More to the point, she said, “Anything that helps someone keep a job is a good thing. Anything that cuts off a means to get to work is a loss. It’s a loss if any of our residents can’t get to work.”
The only options she could see, if the route were cut, would be to find a job in Southbridge or move to Worcester.
The WRTA Advisory Board voted last week to hold public hearings on the proposed cuts. A schedule has not been released yet, Ms. Lyver said, but the hearings will be held in affected towns.
“Our goal is to do whatever we can so we don’t have to cut services,” she said. “We know our riders rely on us and we don’t want to do that. But if we don’t have the money, we can’t run the buses.”
The state’s 15 Regional Transit Authorities receive the bulk of their funding from the state coffers in addition to fares plus assessments paid by participating communities.
To sustain services and seek moderate growth, the RTAs had proposed a five-year plan for budgets and services based on state funding starting at $80 million in fiscal 2015. That was to be followed by a $2 million increase a year for three years, through fiscal 2018. The state did that once, then level funded it the next year, and cut it back to $80.4 million in fiscal 2018, which ends June 30. The WRTA’s share was $11.2 million of its $20 million operating budget.
The result of reduced funding, combined with increased costs, is a $900,000 deficit, which is forcing cuts in preparation for an expected level-funded allocation in fiscal 2019, which begins July 1. The governor’s budget has proposed $80.4 million for the RTAs.
“If the state Legislature provides additional funding for RTAs,” Ms. Lyver said in an email, “then the impact of service cuts will be less or none at all depending upon the amount given.”

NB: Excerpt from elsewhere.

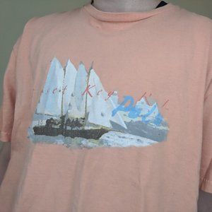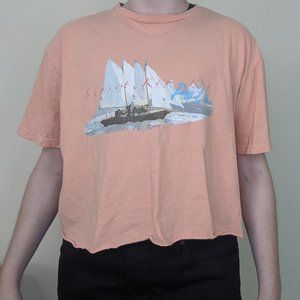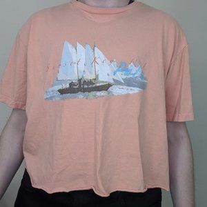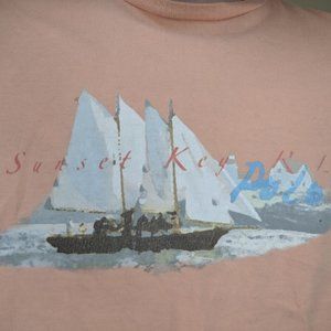 Cute vintage peach colored short sleeve Polo Ralph Lauren tee shirt. Hand cropped with a raw hem. Has an image of a sailing boat that reads Sunset Key Polo. Good condition. Tagged a men's medium.

Ms. Scrivens said the president’s spending plan for the coming federal fiscal year moves more money away from transit. As someone with a background in public transportation, she said, she believes strongly in public transit because it eases traffic congestion and wear and tear on the roads and provides people with access to jobs. Yet the funding process is very complicated, she said, and it continues to go down year after year.
Ms. Lyver said the quest for funds has involved state Senate President Harriett Chandler, D-Worcester, and the Amalgamated Transit Union Local 22. In addition, Local 22 and the Funding for the Public Transit Committee are sponsoring a rally to save the buses and stop the cuts from 5 to 8 p.m. March 20 at Worcester City Hall.
Lawson said the Funding for the Public Transit Committee was started about three weeks ago and he is a frequent contributor on the Facebook group, Massachusetts Regional Transit Funding Initiative: “We knew we had to do something and we couldn’t let the level-funding go through without a fight.”
In the Facebook message, he recalled hearing “a woman talking about losing Webster bus service last week. She is handicapped and has no other transportation besides our bus service. She was basically in tears, talking to someone else about how difficult it will be to see her daughter now in Webster if she loses bus 42. She was talking about taking a cab and she would have to sacrifice food to eat just to see her child.
“I never even thought about the impacts to everyday people till we formed our committee,” Lawson said. “Now I am committed to fighting for our passengers. … On the surface it’s just about buses; however, dig deeper and it’s a choice between life or death.”